Think that you need a billion outfits? Most of us know by now that that’s not true. In fact, by the time your 30, if your closet is full of Forever 21, you probably look like a hot mess. A good wardrobe is a part of looking put together with a few staple pieces. The truth is that no one is going to notice if you wear the same thing twice a week, most of all when you style it differently.
But that’s not what this post is about. No, before you get to making a grown-up capsule wardrobe that makes you look like a full grown woman (Or man) you have to wade through all of that shit you have in your closet that is making you look well, like a college student.
If that isn’t enough of a reason for you to simplify your wardrobe and clean out those old threads, consider this:
Decision fatigue is a real thing. People from Barak Obama to Mark Zuckerburg (Regardless of how you feel about either of them), talk in interviews about how having a simple gray and a black wardrobe that all pairs with each other so that they don’t have to worry about one more decision during the day.
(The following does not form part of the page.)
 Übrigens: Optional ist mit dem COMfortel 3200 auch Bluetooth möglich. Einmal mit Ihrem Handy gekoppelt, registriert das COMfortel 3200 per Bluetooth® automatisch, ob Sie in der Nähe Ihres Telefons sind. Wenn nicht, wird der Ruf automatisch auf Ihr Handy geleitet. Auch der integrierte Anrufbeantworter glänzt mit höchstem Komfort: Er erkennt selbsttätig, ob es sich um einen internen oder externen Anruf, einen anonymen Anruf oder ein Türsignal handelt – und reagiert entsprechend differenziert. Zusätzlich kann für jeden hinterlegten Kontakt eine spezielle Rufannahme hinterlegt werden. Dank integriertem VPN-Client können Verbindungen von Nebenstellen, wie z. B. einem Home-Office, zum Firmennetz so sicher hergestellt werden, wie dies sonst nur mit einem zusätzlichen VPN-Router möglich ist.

It seems like such a small thing but in the end not having to go through a bunch of meaningless or ill-fitting pieces to try and find something to look nice can add time to a day and take one more decision off.
But none of that can happen until you tackle the sometimes seemingly overwhelming task of cleaning out your closet. It can seem like a big job! Even to someone like me who doesn’t have a lot of clothes by girl standards.
Step One: Commit
Make the commitment that you are going to do this. Make sure that you know why so that you don’t fall back into bad habits or give up when you feel overwhelmed. Acknowledge that there are going to be things that are hard to let go of. Be honest with yourself and admit that some things you thought were cute…really don’t fit you. Or that you are never going to sew those pants. This is about the now. Not the then. Commit to not buying anything new for a month, minimum!
Step Two: The Easy Part
This is the easy part. The first pass at your clothing should be fast. Go through and find anything that is unwearable?
- Is it stained?
- Have holes in it?
- Is made of cheap material?
- Is it missing a partner?
You are not going to clean it if you put it back in your closet like that. Be honest.
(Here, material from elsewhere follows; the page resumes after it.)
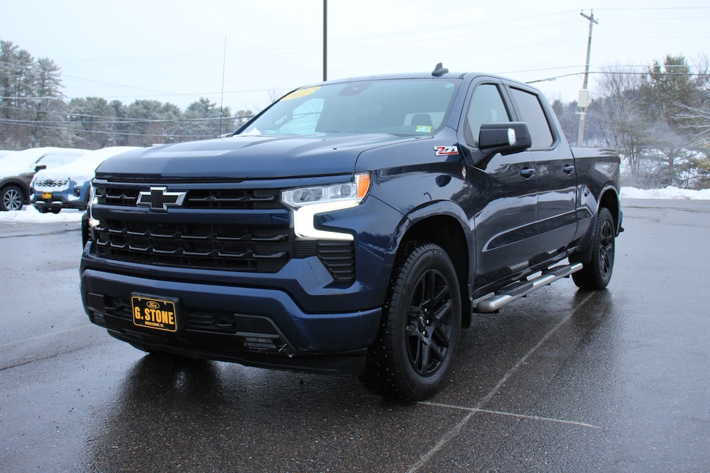 This is a 2022 Chevrolet Silverado 1500 RST Crew Cab. This pickup truck is a 4X4 and powered by an aggressive 5.3L engine with 41K miles. This is in good condition, is well maintained and comfortably loaded with power heated leather bucket seats, power windows and locks, cruise, tilt, back up camera, power sliding rear window, power sunroof, running boards, spray in bedliner and more. Give us a call for more information. At G. Stone Motors we take anything in trade!

Step Three: Would You Buy It Now If You Saw It?
This is the step that is a bit harder. You’ve gone through most of your torn, stained and things that you aren’t going to wear. Moving on, this is stuff that is wearable. But you don’t like it or wouldn’t buy it now. Try things on.
- If you saw it in the store now would you buy it?
- Do you feel good in it?
- Does it fall/fit properly?
- Do you feel confident in it?
It is important to remember to live in the present with this. Not hoping for that 10 pounds you ‘plan’ to lose. If it doesn’t fit its time to send it out into the universe to someone that will wear it and feel like a princess/prince in it. Find a place that you can donate these items too. Goodwill, Salvation Army, Homeless Shelters are all good places.
Step Four: Turning Around
By now you should have a pretty healthy pile of things you want to donate, throw out…and one scary pile of stuff you aren’t sure about. Here is a great trick a friend told me:
Take all of your clothing and turn the hangers around in the way you normally wouldn’t have them face. When you wear them, you put them away from the right way. After a month, go back and see what clothing you didn’t wear. These are also items you should also donate because obviously, you aren’t wearing them.
So you’ve gone a month without buying anything (Perk of being a minimalist) and now you know what you have in your closet, what you like and what you don’t. It’s time for my favorite part! I like analysis.
- What styles do you gravitate to?
- What fabrics last the longest?
- What colors do you like?
Use what you have learned in your future purchases (If you are going to make them). Find the color palette that you like. You can use this to create a capsule wardrobe later on. More than that you can know what not to buy. I know that I buy way too many graphic t-shirts that make me look like a little boy. Now I know that, I steer away from them and make a conscious decision to make sure the things I buy are flattering.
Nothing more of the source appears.